Data and graphs

Data and graphs

Data and graphs

Imagine you have 25 classmates and each one tells you which ice cream flavour is their favourite.

25 answers. How do you turn that into a picture that tells the whole class which flavour wins?

Answer: a graph (or chart).

Child in front of paper with various small graphs

What a graph is

A graph is a picture that shows numbers so that you can compare them quickly.

Instead of reading 25 answers, at a glance you can see: 8 children want vanilla, 12 chocolate, 5 strawberry.

In second grade we learn three kinds of graphs:

  • Tally chart — a simple list with tally marks.
  • Pictograph — pictures instead of numbers.
  • Bar chart — bars of different heights.

Why we need them

Graphs teach us two things:

  1. Find an answer — which is the biggest? the smallest? the same?
  2. Work out the difference — how many more? how many fewer?

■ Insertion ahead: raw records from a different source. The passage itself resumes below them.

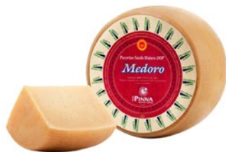
PECORINO SARDO Sardinian pecorino cheese Cod: 0026814
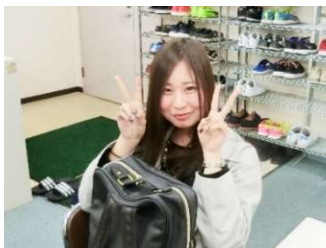
大阪J学院大に合格したO.Cさん
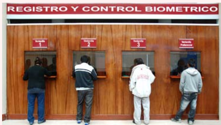
Procesados libres están obligados a acudir a registrarse cada mes para el control respectivo ante la autoridad judicial.
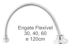
Engate Flexível 30, 40, 60 e 120cm
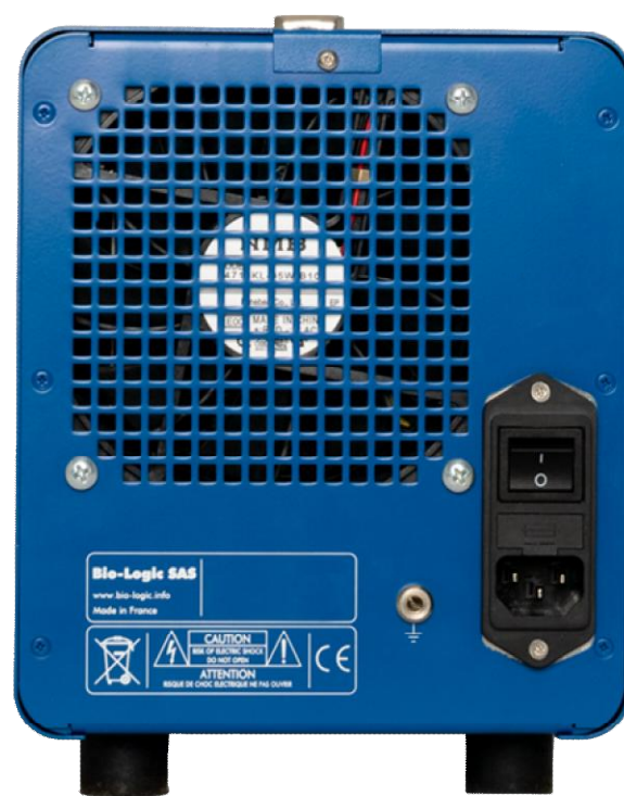
Рисунок 8 – Общий вид потенциостатов-гальваностатов SP-200 (вид сзади)
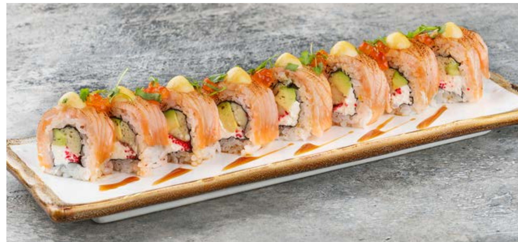
СЛИВОЧНЫЙ РОЛЛ С ЛОСОСЕМ И КРАСНОЙ ИКРОЙ

ROLL WITH SHRIMP IN TEMRURA AND STRAW POTATO
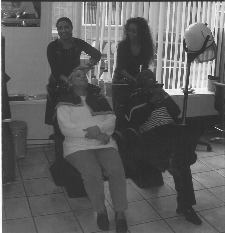
De hechte sociale netwerken stellen migranten vaak in staat een eigen bedrijf te starten.

competenties, gereedschappen, transportmogelijkheden en contacten met potentiële klanten. En werkenden beschikken dankzij hun arbeidspositie over dergelijke capaciteiten en mogelijkheden, vaker dan degenen die buiten het formele arbeidsproces staan. Vandaar dat deze laatste categorie weinig profijt lijkt te hebben van de informele economie. Zo draagt de informele economie bij aan een verdere polarisatie tussen 'work-rich' en 'work-poor' huishoudens.
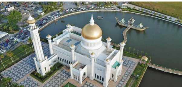
奧瑪阿里賽義夫汀清真寺 Omar Ali Saifuddien Mosque
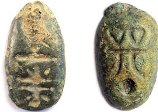
Kovanec »za v nos«, levo mravlja (pi-ch'ien), desno duh (kuei-lien-ch'ien).

pomeni »mravlja za v nos«. Uporabljali so jih namreč pri pogrebih. Umrlemu so v nosno odprtino z notranje strani potisnili ta »kovanec«, da so preprečili mravljam, da bi pokojniku zlezle skozi nos v telesne votline. Ob tem je revež imel še s čim plačati v onostranstvu. V nekaterih predelih so na »kovanec« odtisnili obraz duha in jih imenovali kuei-lien-ch'ien (duh v nosu).
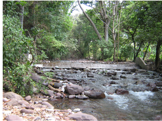
Sitio de captación acueducto municipal Río Marquezote

Para el desarrollo de la hidrografía se trabajo con base en el concepto de cuencas hidrográficas que constituyen la unidad espacial natural de su planificación territorial.
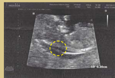
După rugăciune Pliul de la ceafa fătului se subțiază la 2 mm
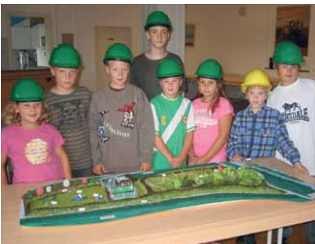
KINDER-STADTPLANER MIT EIGENEM MODELL

Kontakt: Katja Meusel, Stadtplanungsamt der Stadt Hamm, meusel@stadt.hamm.de
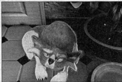
Freddy, una de las mascotas de Las gafas equivocadas.

A second-grader who can read a graph can answer questions without going back through the list.

What we will learn

In this topic we cover:

  • How to record data with tally marks.
  • How a pictograph works — where 1 picture = 1 (or sometimes 2 or 5).
  • How to read a bar chart — bar height = the count.
  • How to answer "how many" and "how many more" questions.

Summary

  • A graph = a picture that shows numbers.
  • In 2nd grade we use: tally chart, pictograph, bar chart.
  • From a graph we read biggest/smallest and differences.
  • A graph is faster than going through a list.